To investigate the relationship between conservation and nucleosome occupancy, we used the nucleosome ChIP–chip data from Bernstein et al. (2004). We calculated the Pearson correlation between either NU or NC for each TF on one hand, and the mean log2 ratios across nucleosome ChIP experiments on the other.

2.3 GO enrichment analysis

We performed GO (Ashburner et al., 2000) analysis using a non-parametric variant of the T-profiler algorithm (Boorsma et al., 2005) described by Scheer et al. (2006) and Bussemaker et al. (2007a). Briefly, using the NT, NC, and NU for each TF, we performed a Mann–Whitney–Wilcoxon test between the affinities for genes within each GO category and affinities for all other genes. We performed a Bonferroni correction on the resulting P-values by multiplying them by the number of unique GO categories. We use the YEAST package from the BioConductor platform (Gentleman et al., 2004) within the R statistical programming environment.

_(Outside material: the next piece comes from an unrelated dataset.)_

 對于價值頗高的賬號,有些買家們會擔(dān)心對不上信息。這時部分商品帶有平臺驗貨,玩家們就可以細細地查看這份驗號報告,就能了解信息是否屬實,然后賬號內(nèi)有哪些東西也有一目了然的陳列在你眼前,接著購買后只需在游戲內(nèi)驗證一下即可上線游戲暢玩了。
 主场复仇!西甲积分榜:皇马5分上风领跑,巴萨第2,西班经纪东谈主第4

2.4 Affinity co-occurrence and co-conservation

We define the affinity co-occurrence between two TFs as the rank correlation between NT profiles of those TFs beyond what is explained by the similarity between pairs of PSAMs. Affinity co-conservation is defined similarly, but using NC instead of NT. We first calculated the Spearman correlation coefficient ρ using each of the 7626 pairs of TFs. To control for the confounding effect of similarity between PSAMs, we then randomly permuted the sequence of every promoter in each genome, and performed the same analysis. Using 3874 random samples, we obtained a null distribution for ρ for each TF pair. This procedure was performed separately for co-occurrence and co-conservation. These distributions were found to be normal upon examination of a Q–Q plot, which then allowed us to calculate a mean and SD for the null distribution for each TF pair, and assign two P-values to each TF–TF pair which served as our co-occurrence and co-conservation metrics. We also assigned a false-discovery rate (FDR) threshold α to each pair as described by Benjamini and Hochberg (1995). We assigned ranks i to the co-affinity and co-occurrence P-values, and calculated the FDR threshold α=pn/i, where n is the number of pairs (7626).

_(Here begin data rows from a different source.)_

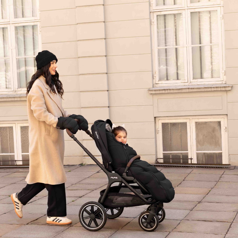 We've even thought of you as a parent: the comfortable mittens attach magnetically to the stroller's handlebar, so you'll always have them within reach. After use, simply click them together and store everything neatly in the included storage bag. Practical, safe, and stylish – exactly what you expect from Nuna.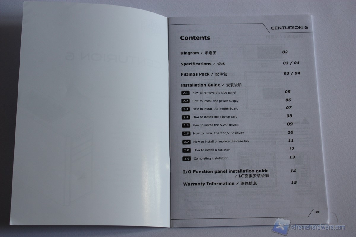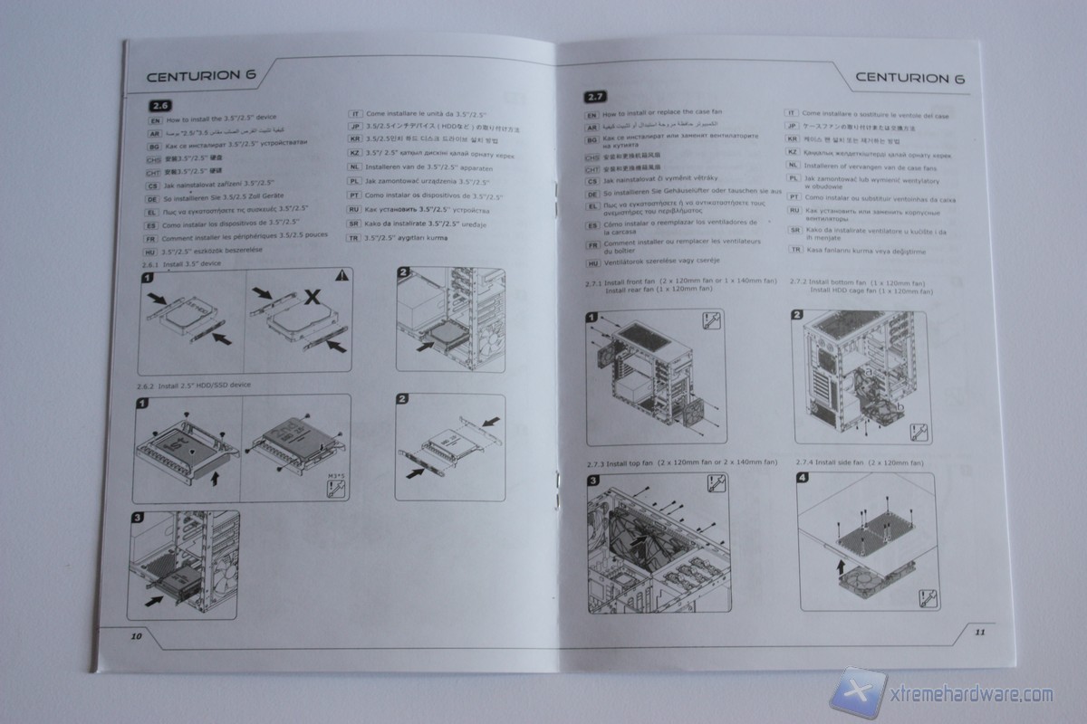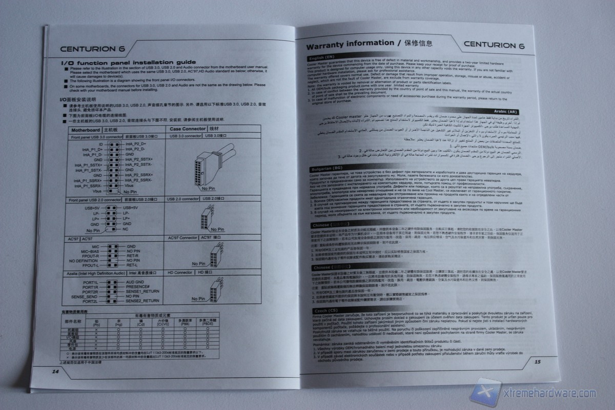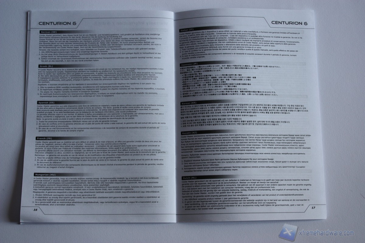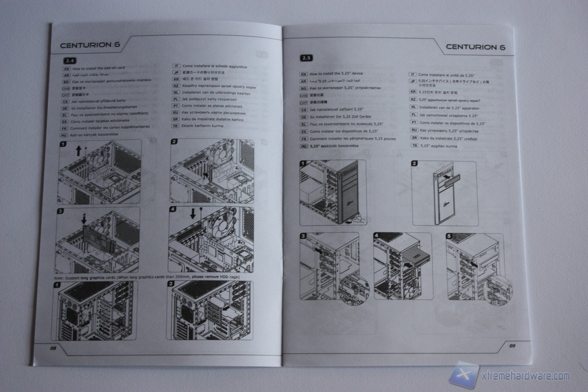 Andiamo ora ad anlizzare il manuale fornito con il Cooler Master Centurion 6: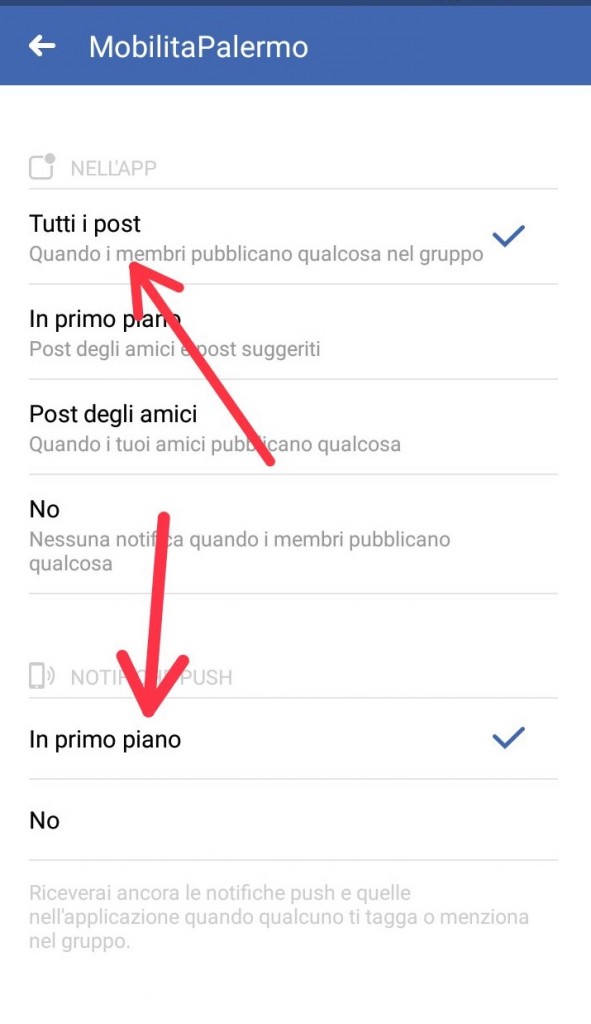 - per seguire il gruppo, basta cliccare sulla freccia, dopo di che cliccare su “modifica impostazioni di notifica”, infine selezionare “tutti i post” e “in primo piano”;

We compared our co-occurrence and co-conservation scores against four sources of validation: the subset of cofactor pairs reported by Banerjee and Zhang (2003) that had been experimentally validated; physical interactions deposited in the Saccharomyces Genome Database (SGD) (Cherry et al., 1998), including interactions detected by mass spectrometry affinity capture, Western Blot affinity capture, complex reconstitution and yeast two-hybrid; synthetic lethal interactions from SGD; and synthetic rescue interactions from SGD. We used the Mann–Whitney–Wilcoxon P-value and the area under the ROC curve (ROC AUC) to assess the performance of the co-occurrence and co-conservation scores at predicting validated interactions of each type. We used the ROCR package developed by Sing et al. (2005) within the R statistical programming environment for calculating the ROC AUC.

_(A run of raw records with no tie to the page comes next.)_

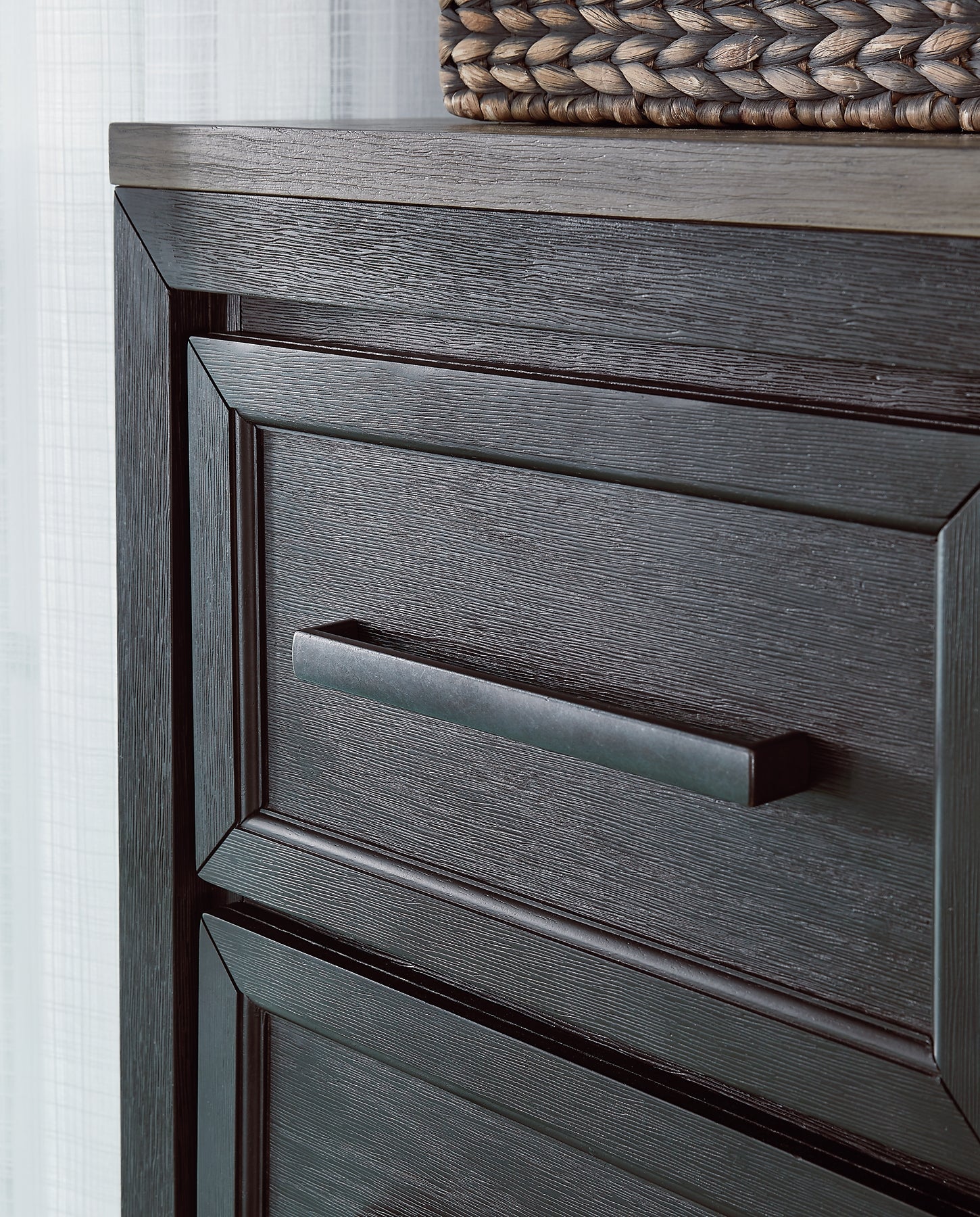 | Details | Made with hardwood solids, select oak veneers and engineered wood, Two-tone finish (brushed black and dusty grayish brown wood tone), Sleek drawer pulls with black finish, 11 soft-close, smooth-gliding drawers with fully finished interiors and dovetail construction (top drawers felt lined), 5 drawers with brushed black finish; 6 drawers with grayish brown wood tone, 3 drawers located behind each door | |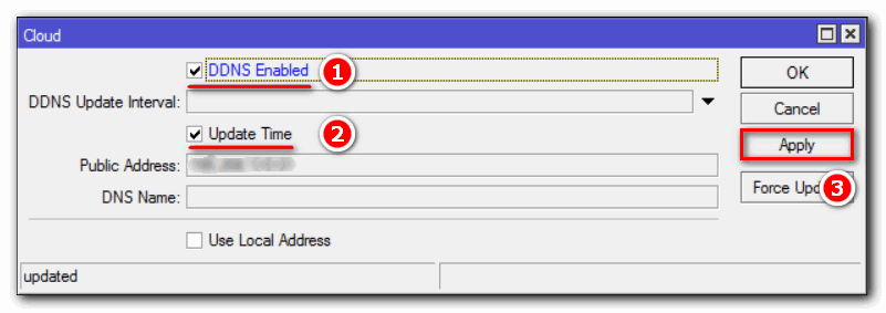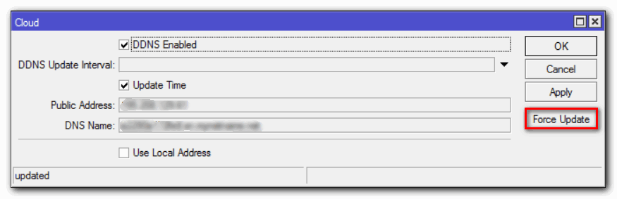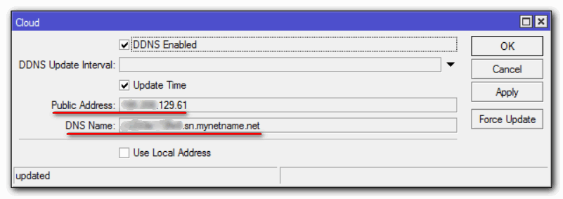 Теперь служба Cloud DDNS проверяет каждые 60 секунд изменение исходящего IP-адреса и сопоставляет его с DNS-именем MikroTik. Благодаря этому мы можем осуществить удаленное подключение к маршрутизатору или получить доступ к внутренним ресурсам сети, используя DNS Name устройства.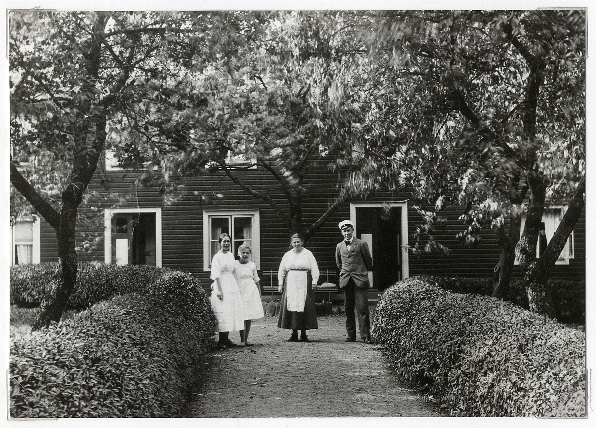 I trädgården syns bl a sonen kanslist Josef Petersson, fru Tilda Christina Petersson och fru Ellen Lund.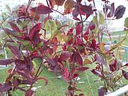 Wątek odnawiam, bo mam mały problem. Na balkonie wysialem roślinę pnącze jednoroczne które wyrasta do 4m, rośnie i żyje do chwili obecnej pięknie sie rozrosło, zmienilo barwę z początkowo soczystej zieleni po ciemną, były jeszcze do niedawna piękne kwiaty, kielichy ciemnofioletowe (foto z daniem) i przeszło w piękny kolor bordo. Fotki zrobilem dwa dni temu. Przymrozki jakie byly nie zaszkodzily tej roslinie, ... a moj problem to co to za roślinka . Po prostu gdzieś zagubiłem torebke po nasionach i nie znam nazwy.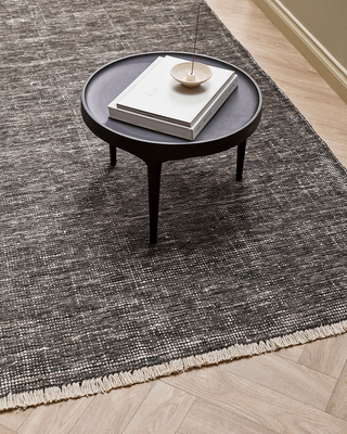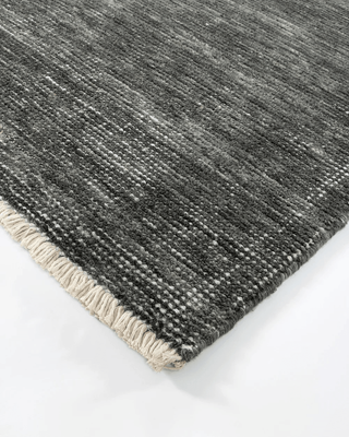 Handcrafted from pure New Zealand wool, the Corbett rug’s lightly distressed design and soft charcoal tone are perfect for creating contemporary living spaces. Featuring a short fringe and minimal pile height, the vintage character adds ambience and mottled texture to living spaces.

3.1 Most predicted binding affinity for TFs is unconserved

For each TF, we first analyzed the overall conservation of affinity cf, defined as the ratio of the genome-wide sum of conserved promoter affinities NC and the genome-wide sum of total promoter affinities NT. The overall conservation varies greatly between factors (Fig. 3), but in most cases, the majority of TF affinity is unconserved. This finding is consistent with previous observations that TF affinity is not sufficient for TF binding, and that TF binding is not sufficient for function; in fact, previous work has shown that approximately 42% of TF binding is not functional (Gao et al., 2004).

Fig. 3.
Histogram displaying the genome-wide total promoter affinity conservation cf for each of the studied factors.

3.2 Conserved affinity correlates with in vivo regulatory susceptibility

To explore whether the conserved fraction of the affinity at a promoter NC corresponds to the part of the affinity that is functional, and conversely whether the unconserved fraction NU corresponds to non-functional affinity, we analyzed transcriptional response to TF deletion as measured using expression microarrays by Hughes et al. (2000). Using the Pearson correlation between both components of the affinity and the expression log2 ratios shows that, indeed, the NC tends to predict the transcriptional response of a promoter better than the NU (Fig. 4A).

Fig. 4.
Correlation of unconserved promoter affinity (NU, blue) and conserved promoter affinity (NC, red) with corresponding (A) deletion experiment expression data from Hughes et al. (2000) and (B) regulatory susceptibilities inferred from binding and expression ...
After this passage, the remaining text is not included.